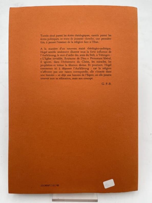 Paris PUF Paris, Éditions des Presses Universitaires de France, 1983. Collection : Épiméthée, dirigée par Jean-Luc Marion. Petit in-8 broché, avec couverture orange à rabats, de 138 pages. Marques de scotch sur les rabats. Feuillets des pages de garde et tranche touchés d'insolation.
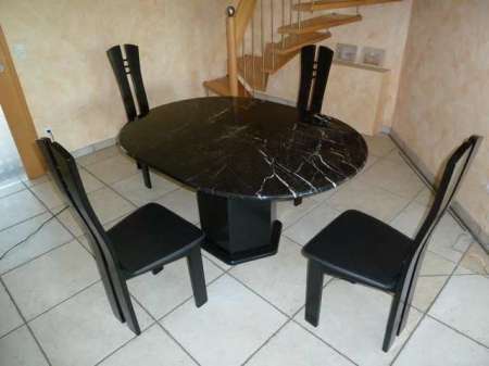 Beschreibung Biete eine hochwetige Esszimmereinrichtung zum Verkauf. Es handelt sich um eien runden Tisch mit 4 passenden Stühlen. Der Tisch hat einen Durchmesser von 1,10 m, durch ein zusätzlich einsetzbares Zwischenstücjk, dss platzsparend im Fuß des Tisches aufbewahrt wird, läßt er sich auf eine Länge von 1,50 m erweitern und bietet somit bequem Platz für 6Exklusive Esszimmermöbel Personen. Die Tischplatte besteht aus einer 2 cm dicken, hochwertigen Marmorplatte, Sie ist absolut unversehrt und hat keinerlei Kratzer oder sonsige Gebrauchsspuren, lediglich das Mittelstück aus Holz müßte etwas nachlackiert werden. Die Stühle haben ein zeitloses Design und sind außerordentlich bequem und rückenfreundlich. Sie sind ebenfals ohne nennenswerte Gebrauchsspuren. Näheres per E-mail oder gerne telefonich unter 05295-997157. Sinnvoll wäre Selbstabholung in Lichtenau/Westf.
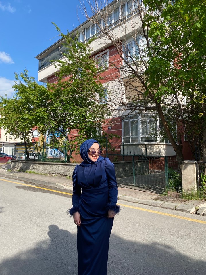 Drapeli Lacivert Uzun Kol Henna Elbise
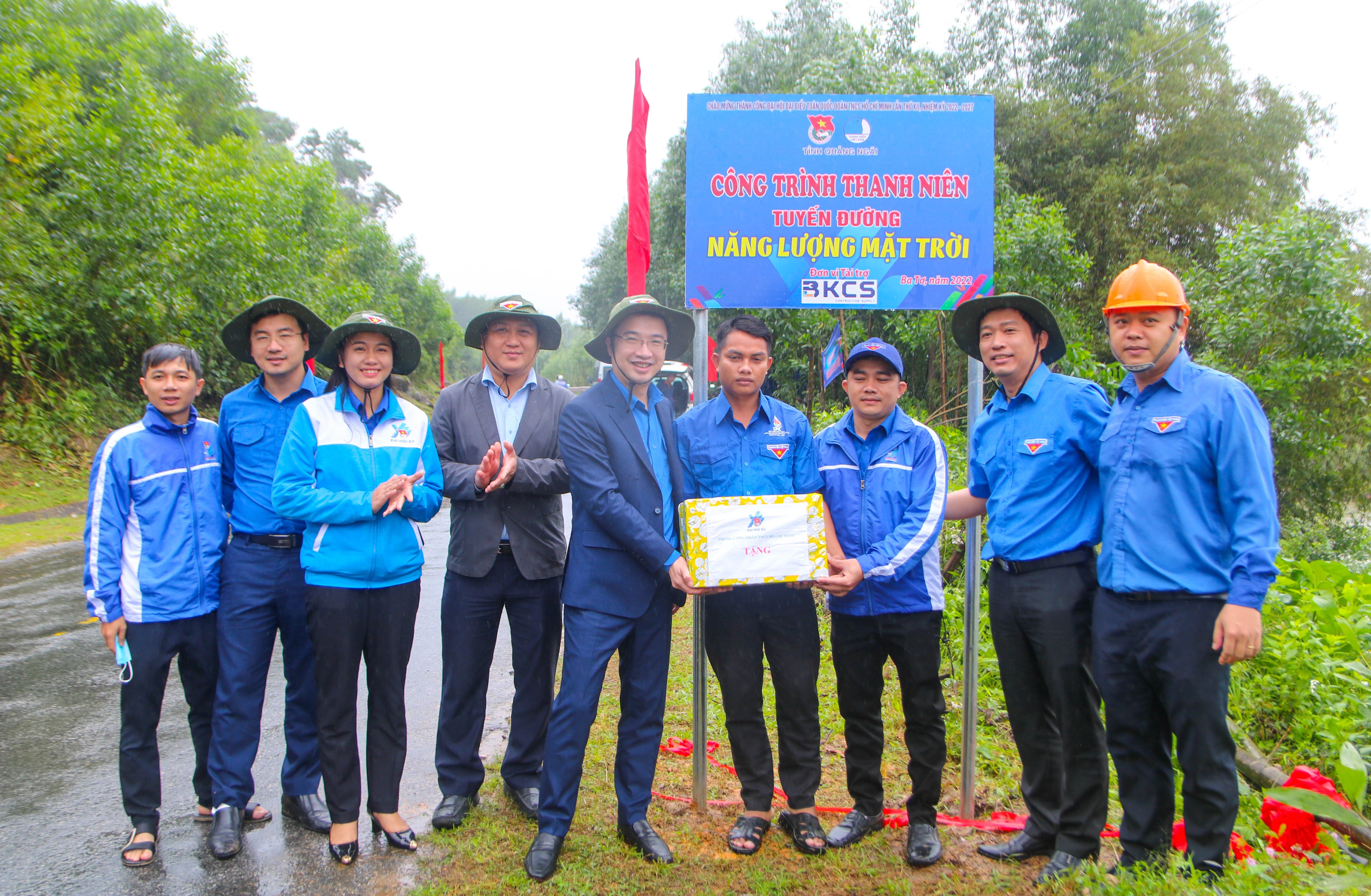 Bí thư Trung ương Đoàn thăm và tặng quà cho thanh niên thực hiện công trình tuyến đường điện năng lượng mặt trời.
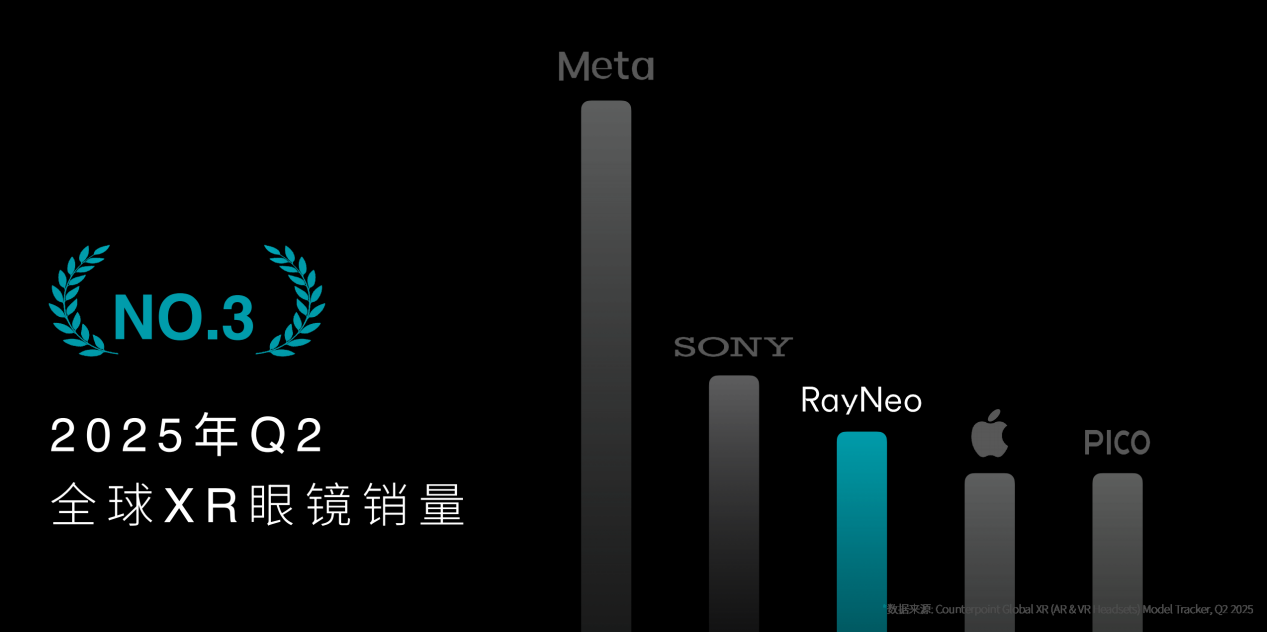 2025年被认为是智能眼镜走向大众市场的关键一年。根据第三方机构Counterpoint Research数据,2025年第二季度,雷鸟创新以39%的市场份额,登顶全球AR眼镜市场第一,并且超越了苹果,成为了全球XR市场(含VR头显和AR眼镜)第三。
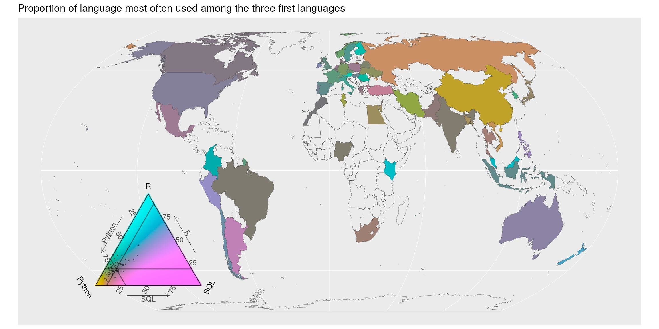 Il a pour objectif de savoir quels sont les langages les plus utilisés entre R, SQL et Pyhton (trois langages très utilisés dans la géomatique). Pour réaliser la cartographie (figure 2), il a procédé à une méthode particulière, qui est dans un premier de calculer la moyenne mondiale d’utilisation des trois langages, puis de calculer la moyenne par pays avant de calculer l’écart à la moyenne pour faire ressortir les utilisations plus spécifiques des pays. Enfin une fois l’écart à la moyenne obtenu pour tous les pays et tous les langages, il colorise les pays à travers un diagramme triangulaire. Plus un pays utilise un langage plus sa position tendra vers une des pointes du triangle et sa couleur sera « pure ».
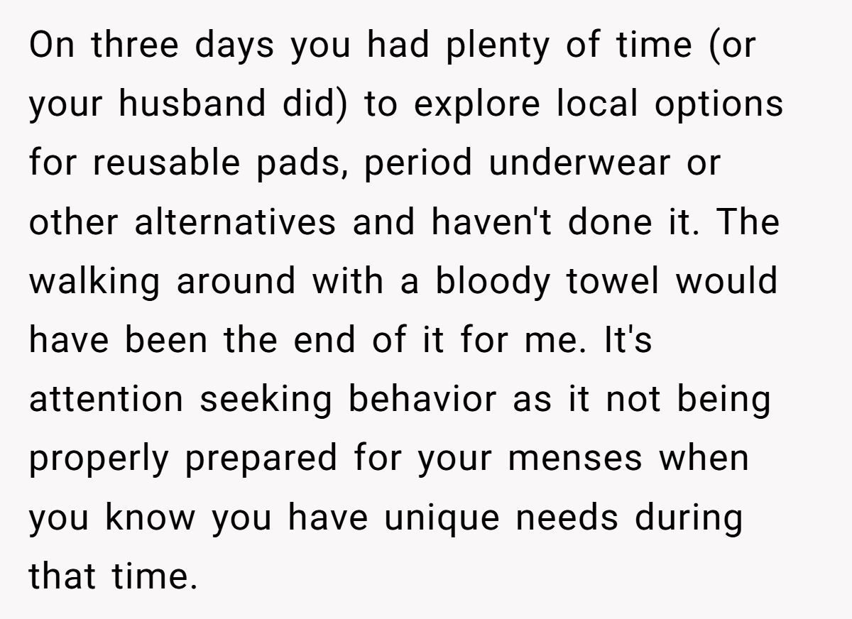 Could this have been avoided? Probably. The internet lit up with advice—from period underwear to menstrual suppression methods—tools that preserve dignity and avoid social friction. Even if her regular cloth pads weren’t enough, her husband could’ve made a pharmacy run. The lack of improvisation struck many as a refusal to compromise.
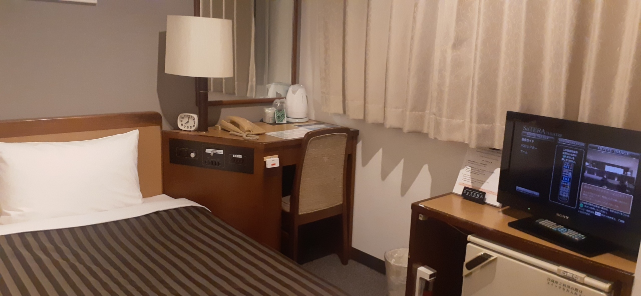 駅から近く。値段はリーズナブル。部屋は狭い。温泉の大浴場あり
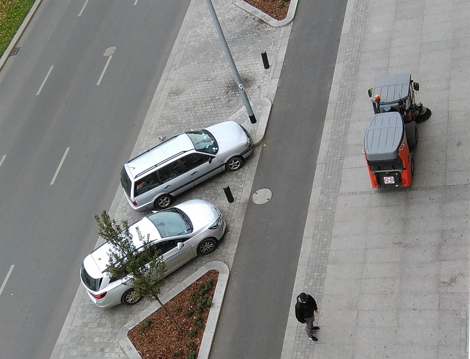 Bezprawnie, ale też bezskutecznie - jak widać na załączonym obrazku. Od soboty oczyszczaniem chodników al. Niepodległości zajmuje się już sprzęt działający na zlecenie ZDiTM. Oby dotarł również w inne rejony miasta, gdzie chodniki - podobnie jak w centrum - aż lepią się od brudu.
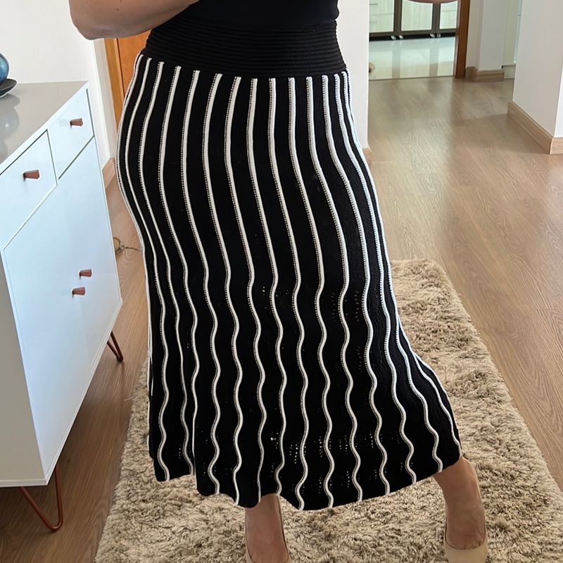 Saia Longa Vera Tricot em Tricot Preta e Branca Saia Feminina
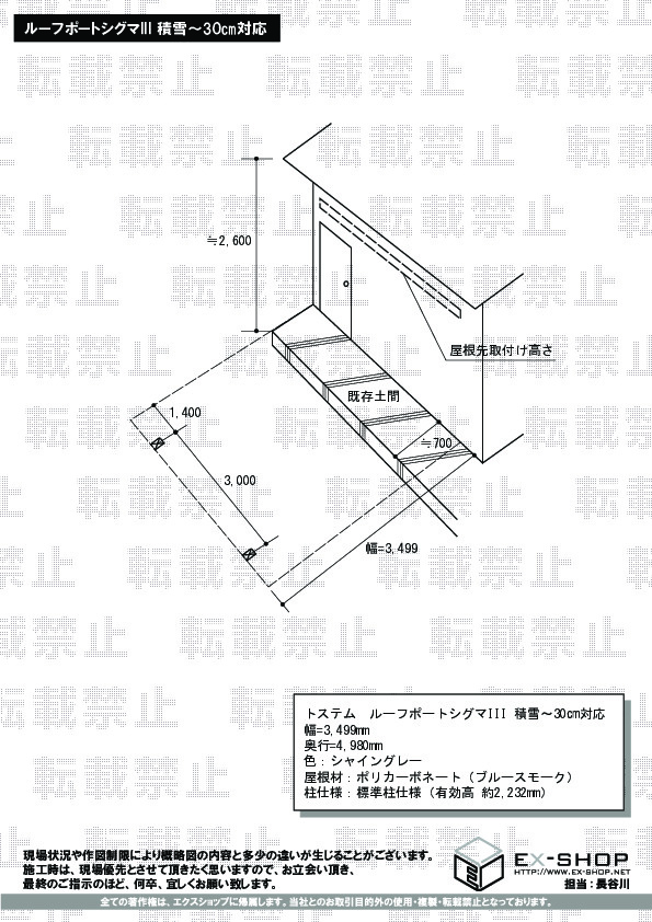 壁付けタイプのカーポートでありますルーフポートシグマIIIが、車庫の軒下に綺麗に納まりましたこと、大変嬉しく存じます。デッドスペースがなく、お客様の敷地を有効にご活用して頂けるものと存じます。また、シャイングレーのお色も既存の車庫としっくり調和して、違和感のない納まり具合でございますね。これからも、お客様のご期待を裏切らないよう精進して参りますので、また機会がございましたら、ぜひエクスショップをご利用頂けますよう、宜しくお願い致します。
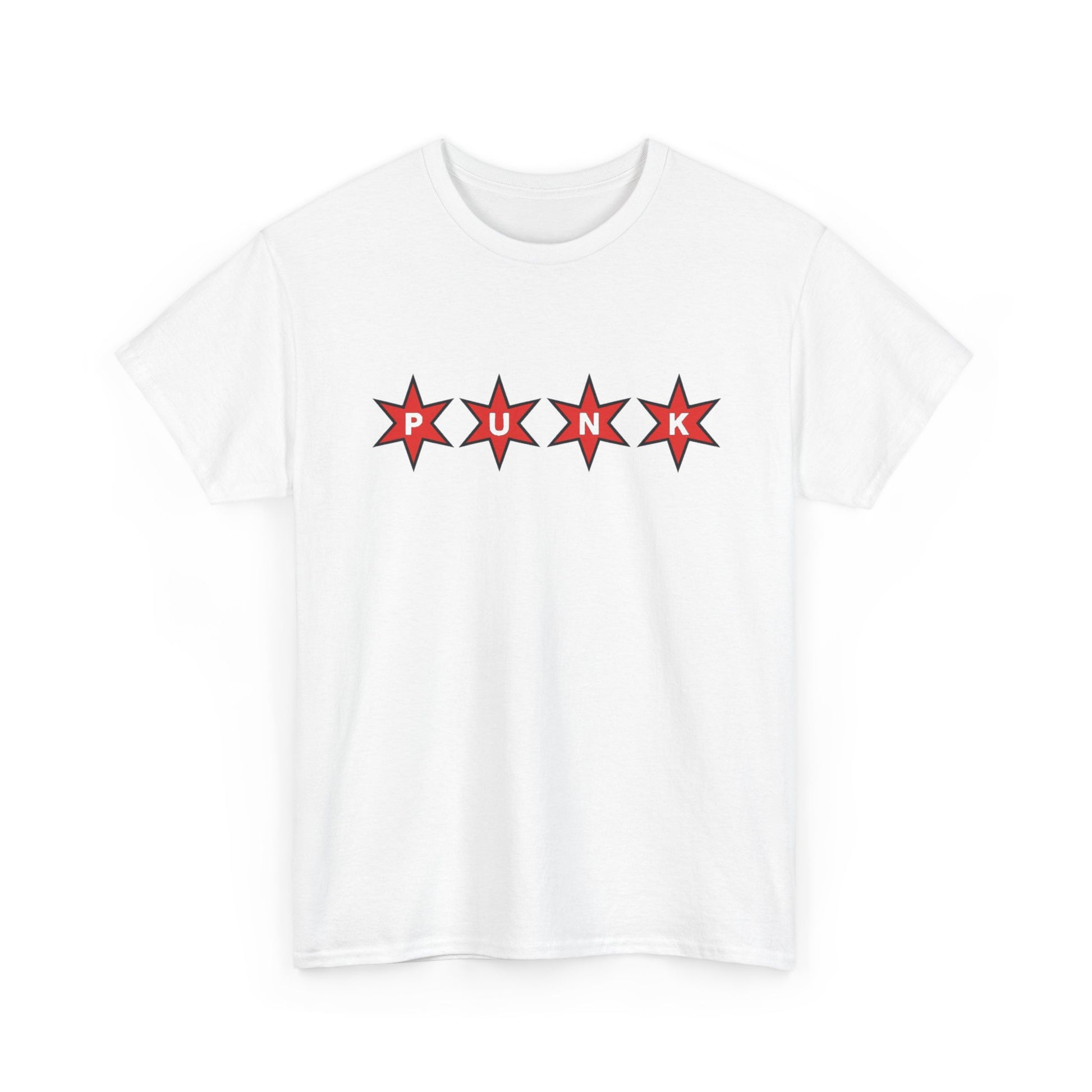 A soft, sturdy tee with a bold, retro-punk vibe — five red starbursts across the chest spell out an attitude rather than a slogan. Lightweight but durable cotton sits close to the body with a classic crew neckline and relaxed fit, so it layers easily under jackets or stands alone as a statement. The clean white canvas lets the red graphic pop, and thoughtful construction (twill shoulder tape, ribbed collar, tear-away label) keeps it comfortable and shape-retaining through repeated wear. Wear it to gigs, weekend city wanderings, or when you want your outfit to speak with a little edge.
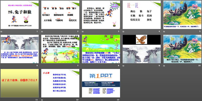 关键词:兔子和狼教学课件,语文A版三年级上册语文课件,三年级语文幻灯片课件下载,兔子和狼PPT课件下载,.ppt格式
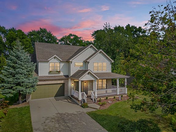 Nestled in the enchanting Highlands Subdivision, this 3100-square-foot home boasts 4 bedrooms, 2.1 bathrooms, a chic office space, and a secluded, breathtaking backyard sanctuary. Approaching the house, your eyes will be captivated by the grand, expansive wrap-around porch, bestowing an aura of timeless elegance and undeniable curb appeal. As you step indoors, you'll be greeted by the impressive 10-foot ceilings of the first floor. The custom-designed family room commands attention with its beadboard vaulted ceilings and a majestic floor-to-ceiling fireplace, infusing the space with inviting warmth and distinct character. This residence has been lovingly maintained, and it showcases gleaming hardwood flooring that spans both levels of the home, providing both practicality and beauty. The kitchen is a culinary enthusiast's dream, adorned with white custom cabinets, newer appliances, and updated lighting. Whether you're whipping up a family feast or hosting an elegant soiree, this kitchen is your culinary canvas. Retreat to the generously proportioned primary bedroom, where a tray ceiling, walk-in closet, a secondary closet, and a cozy fireplace beckon. The spacious private bathroom features a dual-bowl vanity, a separate jetted tub, and an invigorating shower. Venture down to the full unfinished basement, where you'll encounter a semi-finished room that could easily transform into a playroom, 2nd office, or gaming area. The basement also holds the promise of future possibilities with a bathroom rough-in. Step outside into your private oasis, complete with a rear deck and an expansive concrete patio, perfect for hosting outdoor gatherings or engaging in sports and activities. This extraordinary home seamlessly weaves together style, comfort, and convenience, with the added assurance of radon mitigation and an indoor sprinkler system for your safety. Seize the opportunity to claim ownership of this exceptional property, nestled near McKinley Woods and the Des Plaines River with convenient access to I55! Don't let this one get away!
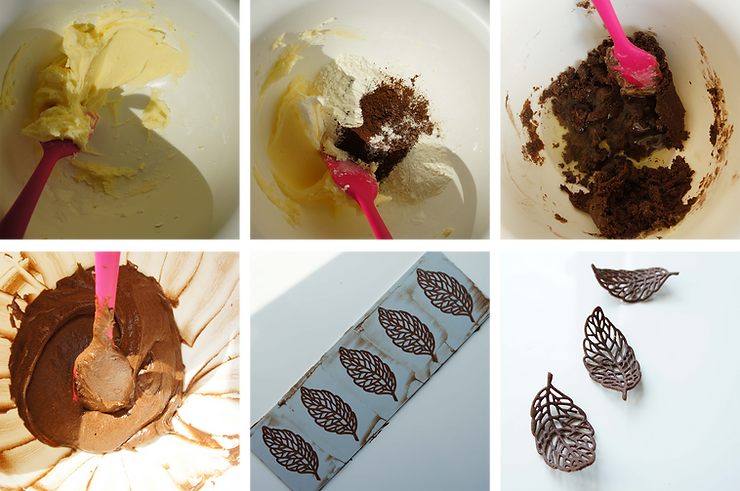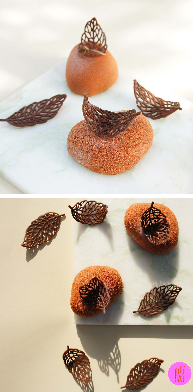 - ozdoby w formie listka z ciasta cygaretkowego.

* Work to be completed *
Everything from the top line of the data down to and including the line with "2025年被认为是智能眼镜走" is to be copied, except the pictures.

* Result *
 Paris PUF Paris, Éditions des Presses Universitaires de France, 1983. Collection : Épiméthée, dirigée par Jean-Luc Marion. Petit in-8 broché, avec couverture orange à rabats, de 138 pages. Marques de scotch sur les rabats. Feuillets des pages de garde et tranche touchés d'insolation.
 Beschreibung Biete eine hochwetige Esszimmereinrichtung zum Verkauf. Es handelt sich um eien runden Tisch mit 4 passenden Stühlen. Der Tisch hat einen Durchmesser von 1,10 m, durch ein zusätzlich einsetzbares Zwischenstücjk, dss platzsparend im Fuß des Tisches aufbewahrt wird, läßt er sich auf eine Länge von 1,50 m erweitern und bietet somit bequem Platz für 6Exklusive Esszimmermöbel Personen. Die Tischplatte besteht aus einer 2 cm dicken, hochwertigen Marmorplatte, Sie ist absolut unversehrt und hat keinerlei Kratzer oder sonsige Gebrauchsspuren, lediglich das Mittelstück aus Holz müßte etwas nachlackiert werden. Die Stühle haben ein zeitloses Design und sind außerordentlich bequem und rückenfreundlich. Sie sind ebenfals ohne nennenswerte Gebrauchsspuren. Näheres per E-mail oder gerne telefonich unter 05295-997157. Sinnvoll wäre Selbstabholung in Lichtenau/Westf.
 Drapeli Lacivert Uzun Kol Henna Elbise
 Bí thư Trung ương Đoàn thăm và tặng quà cho thanh niên thực hiện công trình tuyến đường điện năng lượng mặt trời.
 2025年被认为是智能眼镜走向大众市场的关键一年。根据第三方机构Counterpoint Research数据,2025年第二季度,雷鸟创新以39%的市场份额,登顶全球AR眼镜市场第一,并且超越了苹果,成为了全球XR市场(含VR头显和AR眼镜)第三。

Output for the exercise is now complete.